---- Exercise data

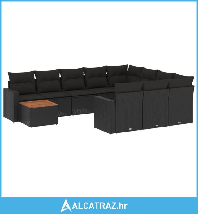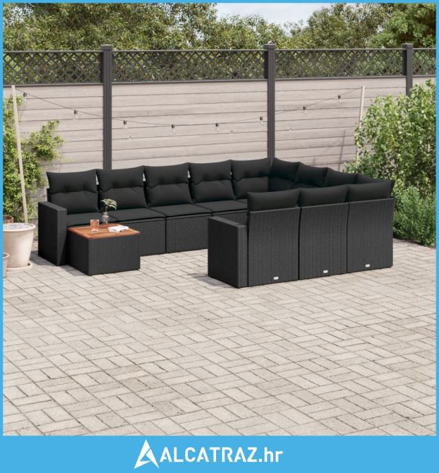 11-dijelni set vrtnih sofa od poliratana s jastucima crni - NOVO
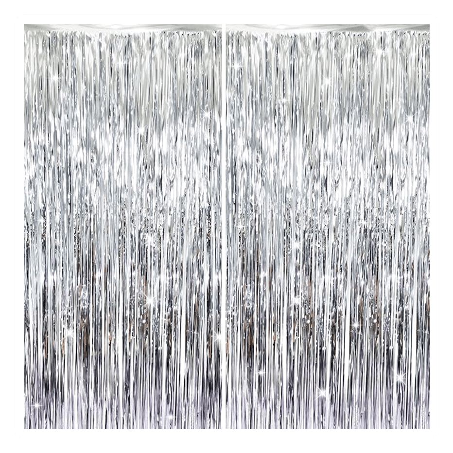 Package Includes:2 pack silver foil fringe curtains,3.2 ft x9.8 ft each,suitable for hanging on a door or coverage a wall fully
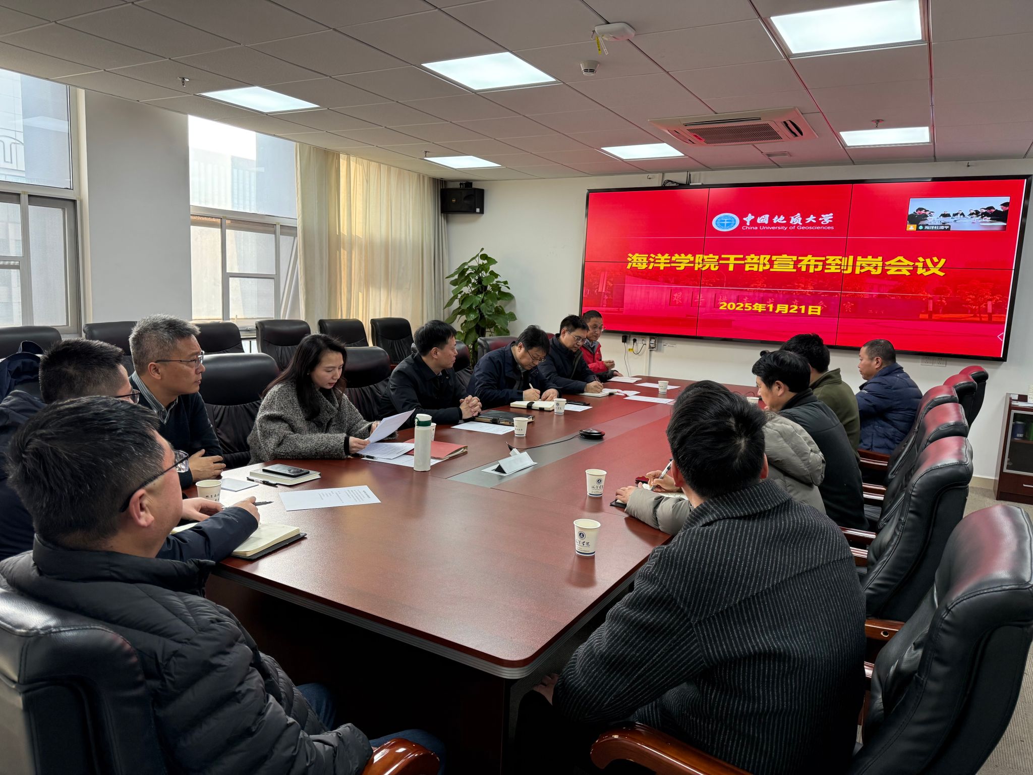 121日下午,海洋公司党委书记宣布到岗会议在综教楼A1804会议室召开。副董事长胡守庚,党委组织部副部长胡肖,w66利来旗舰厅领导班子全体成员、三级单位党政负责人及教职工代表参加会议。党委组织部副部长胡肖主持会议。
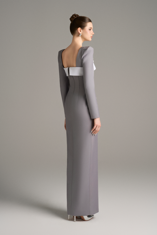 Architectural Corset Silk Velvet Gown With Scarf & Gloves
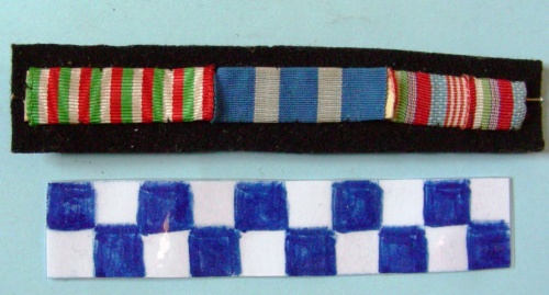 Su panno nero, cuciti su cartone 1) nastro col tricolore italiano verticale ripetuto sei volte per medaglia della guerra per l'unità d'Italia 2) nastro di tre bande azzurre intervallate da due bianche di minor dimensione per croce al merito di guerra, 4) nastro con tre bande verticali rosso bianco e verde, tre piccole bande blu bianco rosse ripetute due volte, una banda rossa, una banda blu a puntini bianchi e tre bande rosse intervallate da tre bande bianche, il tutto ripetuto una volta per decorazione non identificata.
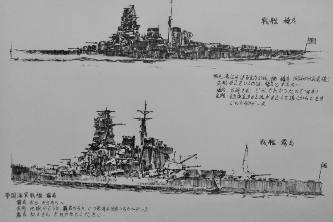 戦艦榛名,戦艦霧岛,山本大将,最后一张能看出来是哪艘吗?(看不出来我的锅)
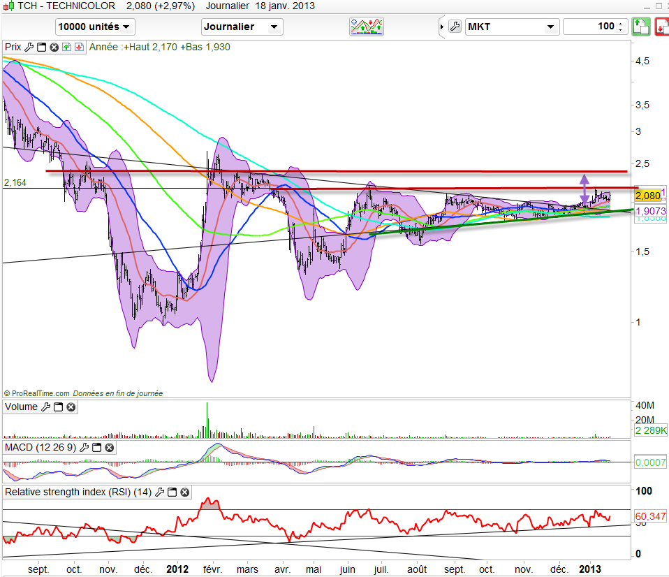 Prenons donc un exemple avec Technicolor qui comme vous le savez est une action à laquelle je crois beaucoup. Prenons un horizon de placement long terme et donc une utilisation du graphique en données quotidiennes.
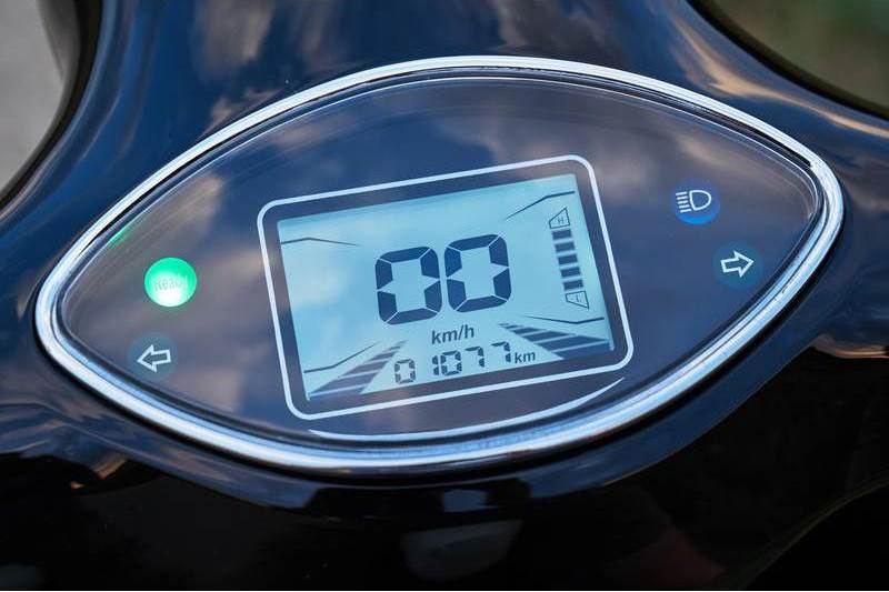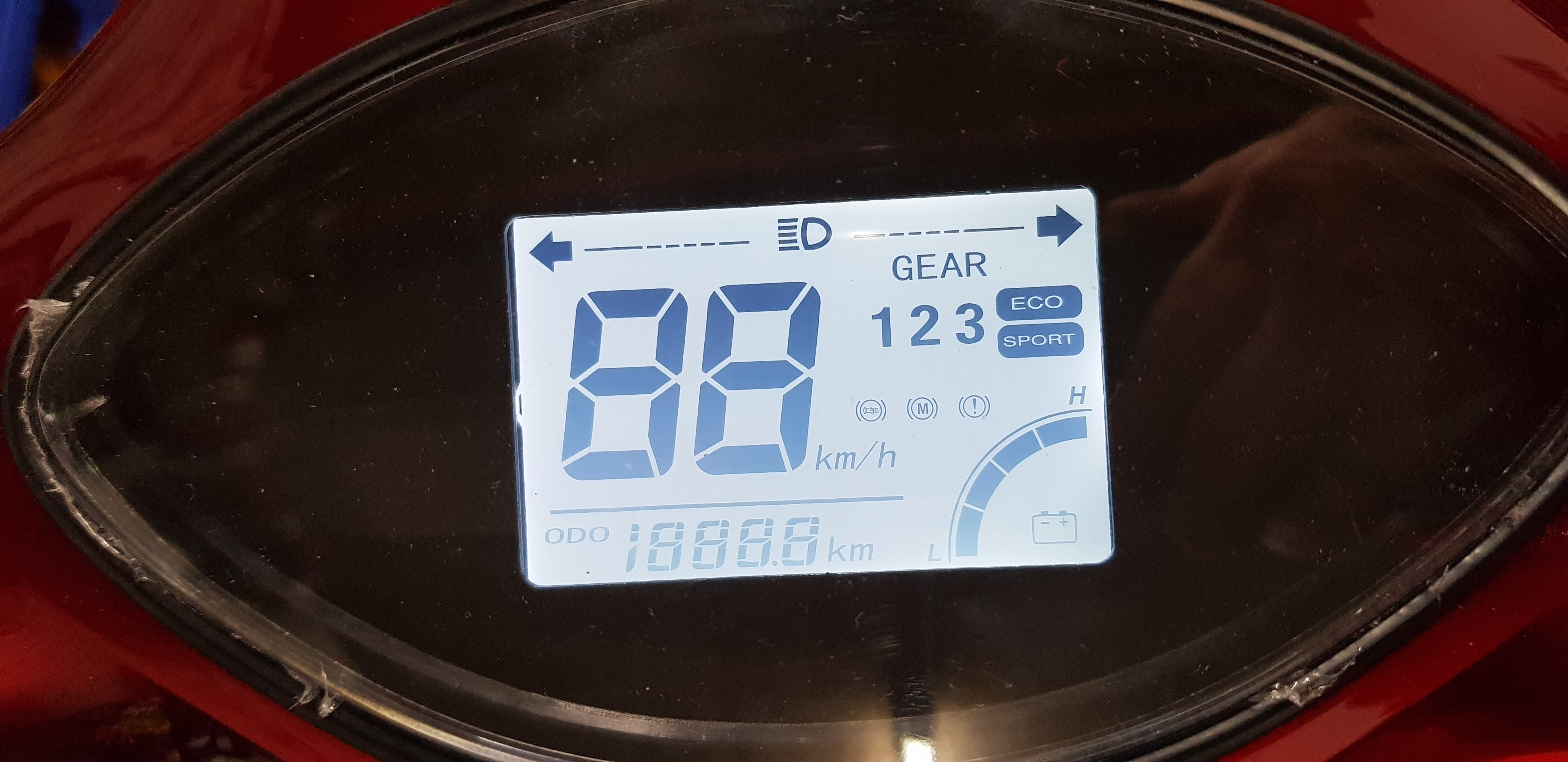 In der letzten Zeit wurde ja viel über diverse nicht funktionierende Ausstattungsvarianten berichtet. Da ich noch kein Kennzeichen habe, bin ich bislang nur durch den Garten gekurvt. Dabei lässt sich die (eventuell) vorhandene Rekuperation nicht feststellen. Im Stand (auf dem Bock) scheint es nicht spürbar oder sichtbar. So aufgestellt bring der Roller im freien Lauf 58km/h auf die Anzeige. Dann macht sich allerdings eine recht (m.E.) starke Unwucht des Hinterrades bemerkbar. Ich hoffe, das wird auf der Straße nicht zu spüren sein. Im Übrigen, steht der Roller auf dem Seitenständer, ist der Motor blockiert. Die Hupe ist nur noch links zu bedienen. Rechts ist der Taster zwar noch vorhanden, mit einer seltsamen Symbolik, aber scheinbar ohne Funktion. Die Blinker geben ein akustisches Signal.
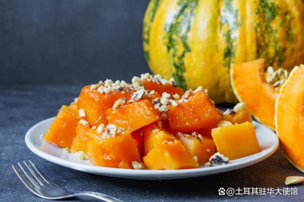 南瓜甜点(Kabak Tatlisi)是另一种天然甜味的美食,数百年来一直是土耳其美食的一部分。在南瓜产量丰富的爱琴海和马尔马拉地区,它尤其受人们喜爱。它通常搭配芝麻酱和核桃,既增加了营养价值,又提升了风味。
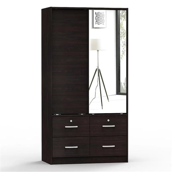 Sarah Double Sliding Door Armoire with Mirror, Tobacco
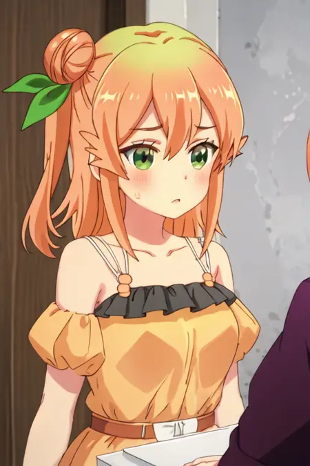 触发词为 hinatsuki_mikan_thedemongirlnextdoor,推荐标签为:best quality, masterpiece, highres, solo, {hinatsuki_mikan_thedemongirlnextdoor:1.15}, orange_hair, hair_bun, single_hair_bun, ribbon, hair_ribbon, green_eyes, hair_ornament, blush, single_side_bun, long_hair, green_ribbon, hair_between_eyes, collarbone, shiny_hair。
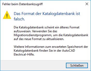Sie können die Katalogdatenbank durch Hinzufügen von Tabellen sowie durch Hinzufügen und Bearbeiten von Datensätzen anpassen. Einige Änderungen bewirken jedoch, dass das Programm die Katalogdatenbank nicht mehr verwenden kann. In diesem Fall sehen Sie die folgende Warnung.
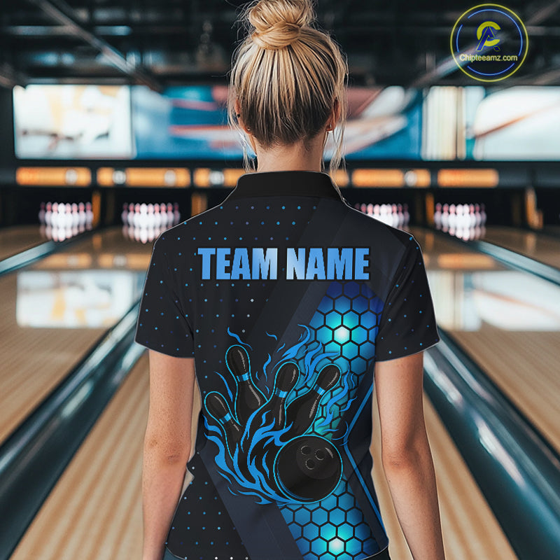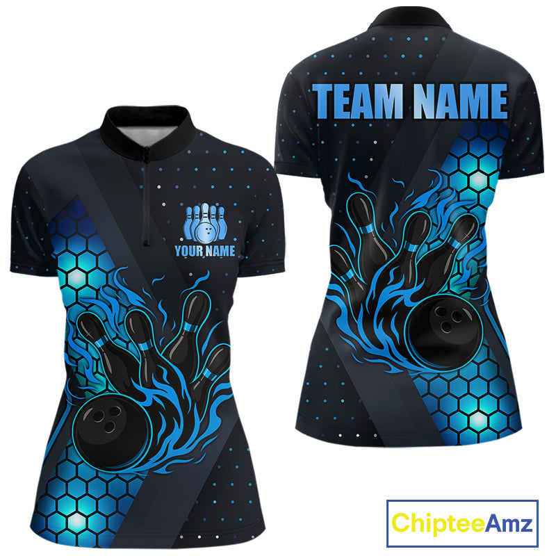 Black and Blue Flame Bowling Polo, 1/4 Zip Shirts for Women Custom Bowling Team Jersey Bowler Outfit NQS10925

--------

The answer should be the complete listing, set down exactly, without pictures.

Finished exercise:
 11-dijelni set vrtnih sofa od poliratana s jastucima crni - NOVO
 Package Includes:2 pack silver foil fringe curtains,3.2 ft x9.8 ft each,suitable for hanging on a door or coverage a wall fully
 121日下午,海洋公司党委书记宣布到岗会议在综教楼A1804会议室召开。副董事长胡守庚,党委组织部副部长胡肖,w66利来旗舰厅领导班子全体成员、三级单位党政负责人及教职工代表参加会议。党委组织部副部长胡肖主持会议。
 Architectural Corset Silk Velvet Gown With Scarf & Gloves
 Su panno nero, cuciti su cartone 1) nastro col tricolore italiano verticale ripetuto sei volte per medaglia della guerra per l'unità d'Italia 2) nastro di tre bande azzurre intervallate da due bianche di minor dimensione per croce al merito di guerra, 4) nastro con tre bande verticali rosso bianco e verde, tre piccole bande blu bianco rosse ripetute due volte, una banda rossa, una banda blu a puntini bianchi e tre bande rosse intervallate da tre bande bianche, il tutto ripetuto una volta per decorazione non identificata.
 戦艦榛名,戦艦霧岛,山本大将,最后一张能看出来是哪艘吗?(看不出来我的锅)
 Prenons donc un exemple avec Technicolor qui comme vous le savez est une action à laquelle je crois beaucoup. Prenons un horizon de placement long terme et donc une utilisation du graphique en données quotidiennes.
 In der letzten Zeit wurde ja viel über diverse nicht funktionierende Ausstattungsvarianten berichtet. Da ich noch kein Kennzeichen habe, bin ich bislang nur durch den Garten gekurvt. Dabei lässt sich die (eventuell) vorhandene Rekuperation nicht feststellen. Im Stand (auf dem Bock) scheint es nicht spürbar oder sichtbar. So aufgestellt bring der Roller im freien Lauf 58km/h auf die Anzeige. Dann macht sich allerdings eine recht (m.E.) starke Unwucht des Hinterrades bemerkbar. Ich hoffe, das wird auf der Straße nicht zu spüren sein. Im Übrigen, steht der Roller auf dem Seitenständer, ist der Motor blockiert. Die Hupe ist nur noch links zu bedienen. Rechts ist der Taster zwar noch vorhanden, mit einer seltsamen Symbolik, aber scheinbar ohne Funktion. Die Blinker geben ein akustisches Signal.
 南瓜甜点(Kabak Tatlisi)是另一种天然甜味的美食,数百年来一直是土耳其美食的一部分。在南瓜产量丰富的爱琴海和马尔马拉地区,它尤其受人们喜爱。它通常搭配芝麻酱和核桃,既增加了营养价值,又提升了风味。
 Sarah Double Sliding Door Armoire with Mirror, Tobacco
 触发词为 hinatsuki_mikan_thedemongirlnextdoor,推荐标签为:best quality, masterpiece, highres, solo, {hinatsuki_mikan_thedemongirlnextdoor:1.15}, orange_hair, hair_bun, single_hair_bun, ribbon, hair_ribbon, green_eyes, hair_ornament, blush, single_side_bun, long_hair, green_ribbon, hair_between_eyes, collarbone, shiny_hair。
Sie können die Katalogdatenbank durch Hinzufügen von Tabellen sowie durch Hinzufügen und Bearbeiten von Datensätzen anpassen. Einige Änderungen bewirken jedoch, dass das Programm die Katalogdatenbank nicht mehr verwenden kann. In diesem Fall sehen Sie die folgende Warnung.
 Black and Blue Flame Bowling Polo, 1/4 Zip Shirts for Women Custom Bowling Team Jersey Bowler Outfit NQS10925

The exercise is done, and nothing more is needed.